Thursday, March 23, 2006

CODATA -ICSU workshop follow-up

I am feeling something on the verge of elation; as if I have had some small victory, but not a victory for myself, understand.

Last September I was invited to present at the CODATA Workshop on Strategies for Permanent Access to Scientific Information in Southern Africa ( Through a confluence of circumstances I was eventually not able to attend, but did send along my presentation [titled "Mandate is not a four-letter word: taking Open Access scholarly communication forward"] so as to contribute to the workshop in spite of my physical absence. Through the deft work of Roy Page-Shipp my work was incorporated into the final session report.
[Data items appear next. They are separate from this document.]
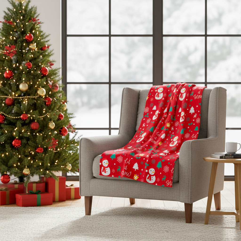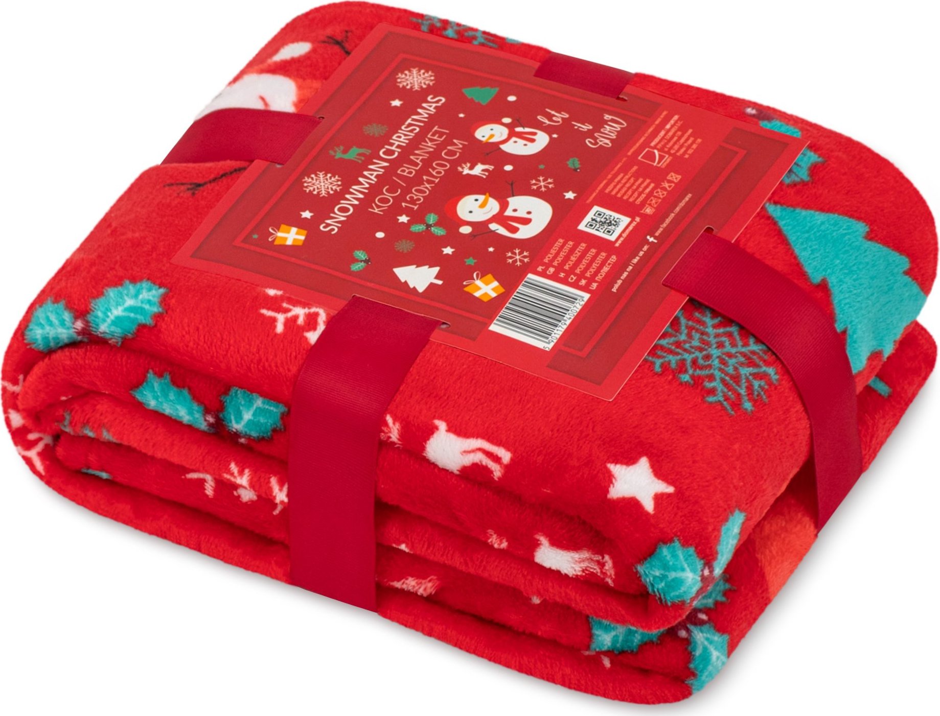 Vánoční deka SNĚHULÁK 130x160 cm - červená
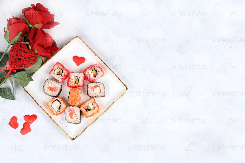 Сердце из свежих суши-роллов с розами, еда на день святого валентина, традиционная японская кухня, место для текста, вид сверху, баннер для рекламы магазина или приглашения, выборочный фокус
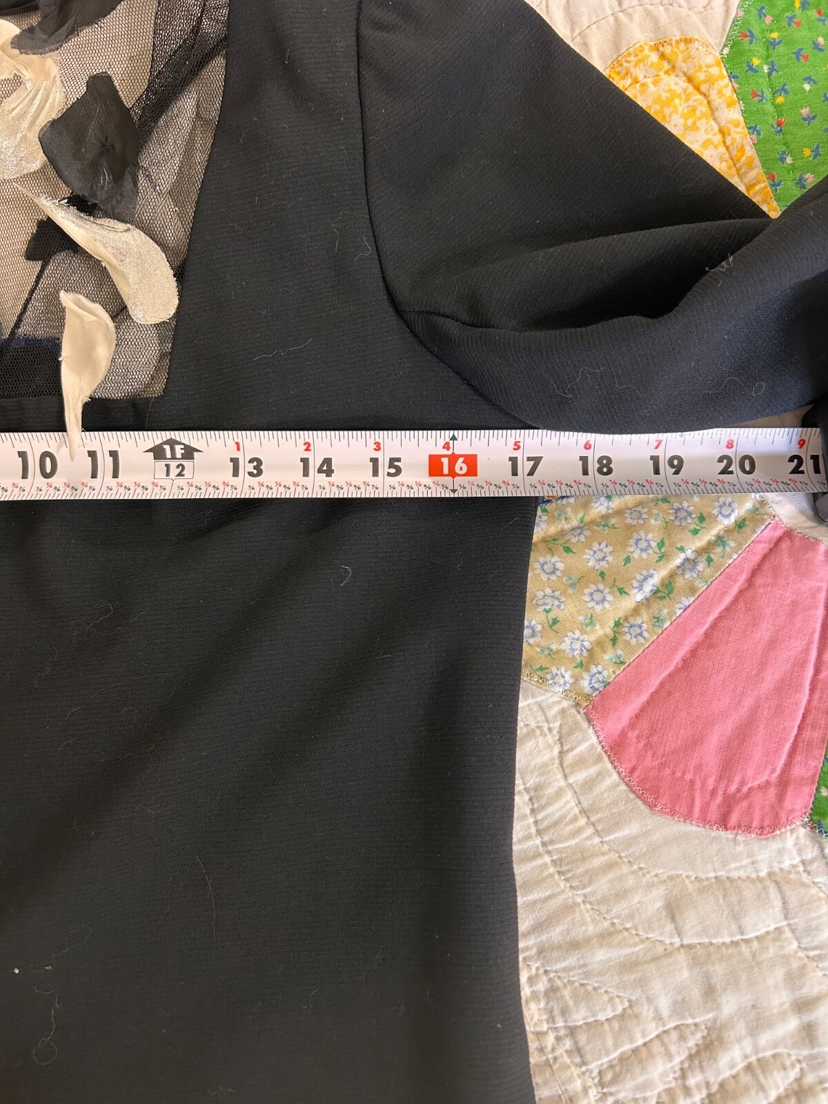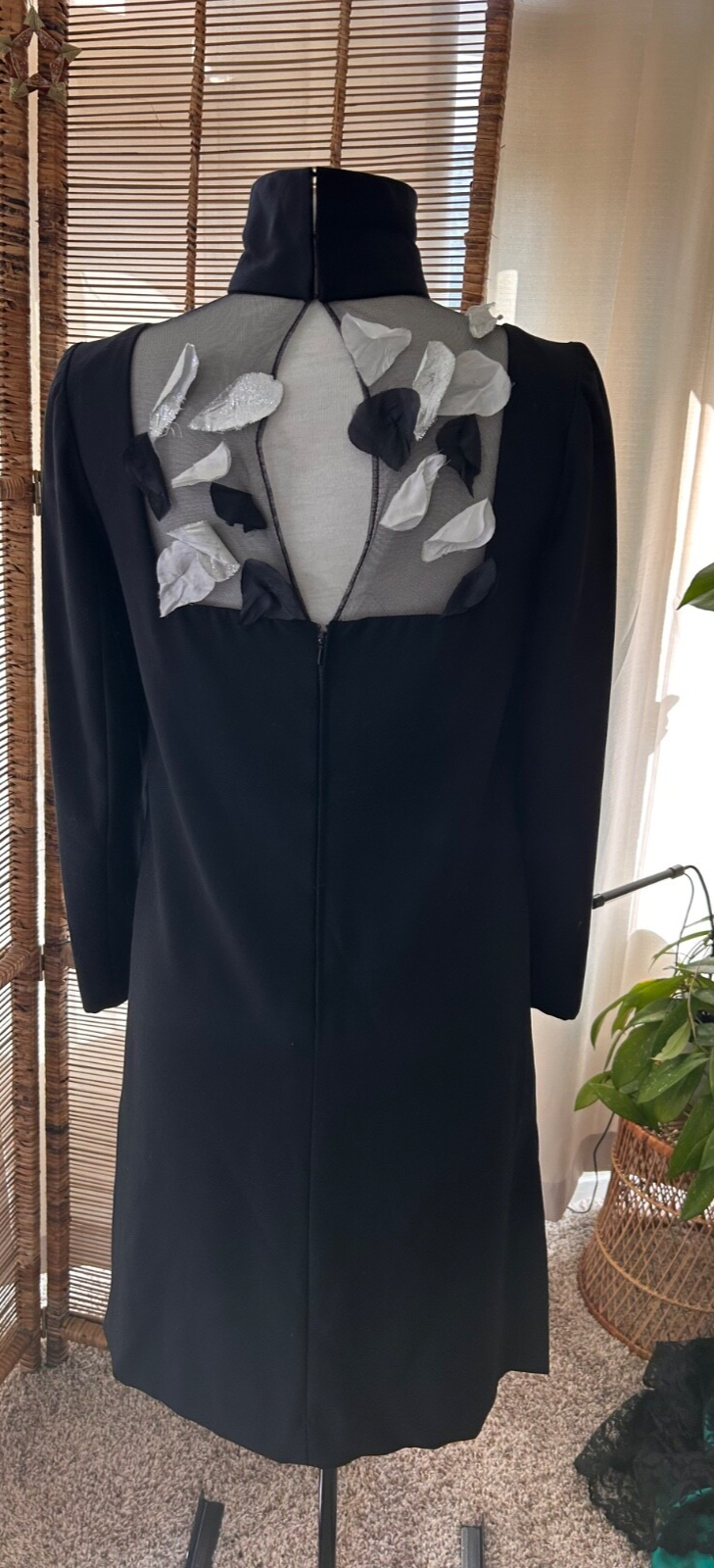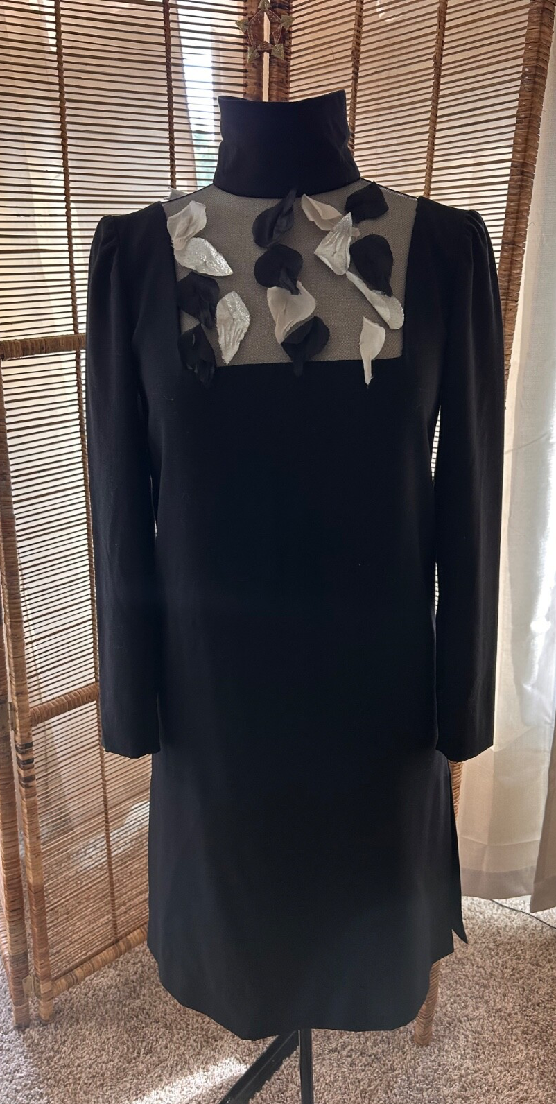 Vintage Courreges Paris black silk "leaf" sheath dress Medium
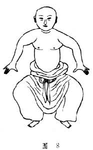 接上势,两手向左右平伸,成一字形,掌心向下,同时左足向左跨一大步。慢慢下蹲呈骑马势;在下蹲的同时,两掌亦缓缓下按,按压至与膝相平为止(图8)。随后将下按之掌翻转,手心向上,如托物状,随两腿的慢慢伸直一起上升,与胸相平为止。如此反复数次。
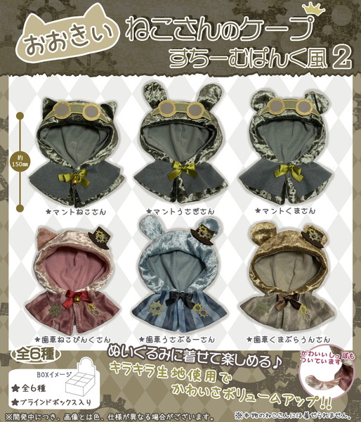 ぬいぐるみに着せて遊べる「おおきいケープシリーズ」に新商品「すちーむぱんく風ケープ」の第2弾が登場した。お手持ちのぬいぐるみをノスタルジックにかわいくお着替えさせられます。
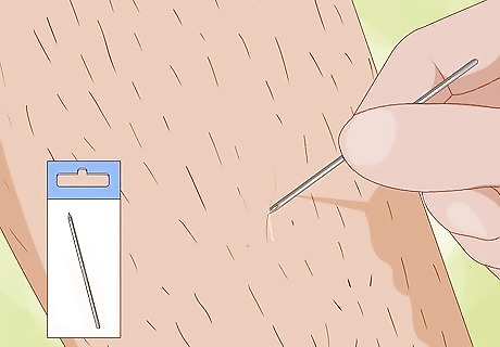 Tease the hair out with a sterilized needle if it’s close to the surface. If you can see the hair right under the surface of your skin or inside a pustule, you may be able to hook a needle under it to free it. Clean a needle in isopropyl alcohol or hold it in a flame for a few minutes to sterilize it. Gently push the tip of the needle under the hair to pull out a small loop, then free the end of the hair by pulling on the loop with a pair of tweezers. If you use a flame to sterilize the needle, allow it to cool down completely before you use it so you don’t burn yourself. Resist the urge to pluck the hair out, since it might simply grow in under the surface again. Instead, try cutting it close to the skin with a pair of clippers. If you can’t hook the hair right away, don’t keep digging around with the needle. This will only irritate the area more, and it could lead to scarring.
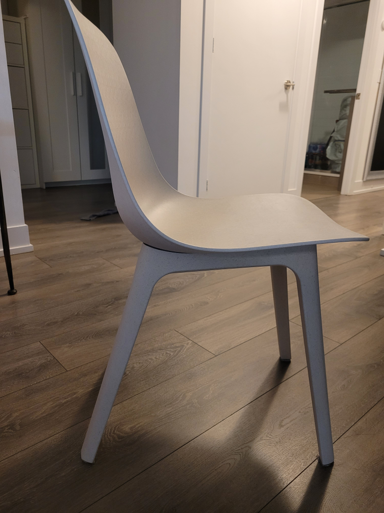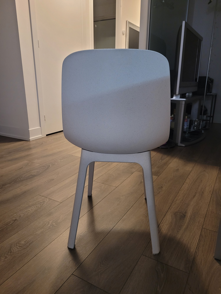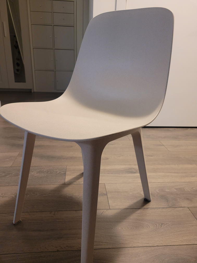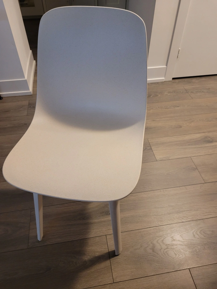 Modern off-white plastic chair. Simple design, four legs. Suitable for dining room or kitchen.
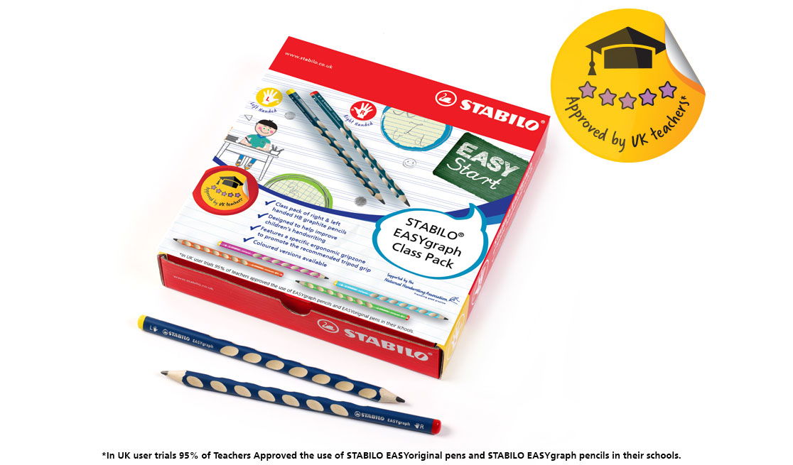 Our STABILO EASYgraph ergonomic pencils are available to buy as a class pack from our online shop.
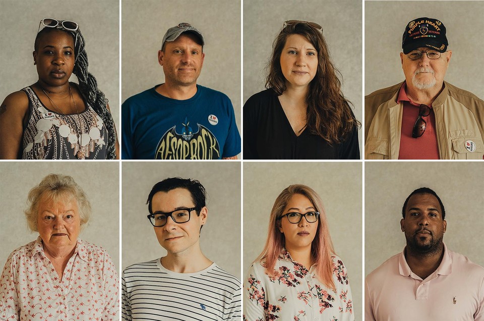 Voter turnout on August 7 to fill the open congressional seat in Ohio’s 12th District was unusually high for a special election, as it has been for many primaries and general elections this year. At the time of this writing, absentee ballots were still being counted and the race between the Republican candidate, Troy Balderson, and the Democratic candidate, Danny O’Connor, was too close to call. Voters pictured below: (top row) Sarah Napper, Justin King, Dayna Hildreth, Douglas Kirk; (bottom row) Judy Howard, Gage Ruhlen, Anh Hoang, James Sullinger.

And reading now the final Report and Executive Summary, I note the following recommendation regarding information policy in the Exec Summary ( ) page 5:

• Scientific and technical (S&T) data and information policy
o CODATA outputs should include examples of national policies that establish the record-keeping policies of various nations such as the USA, United Kingdom and Australia. This could help inform the South African National Archives Act, which currently makes no mention of the mandatory collection and preservation of S&T data and information, but refers only to public administrative records.

And further regarding STM journals (p8):

The following kinds of actions should be taken with regard to scientific, technical and medical (STM) journals:

· Establish and implement policy interventions by research funders (including governments and institutions) that:
o Mandate that scholars make pre-prints and e-prints of their research available via an open access medium.

[My emphasis (and contribution then) in bold]

That said (& to shift focus), I recommend reading the entire Executive Summary. This document, coming from CODATA + ICSU, is an important step in the right direction for OA, especially considering its origins in the southern hemisphere.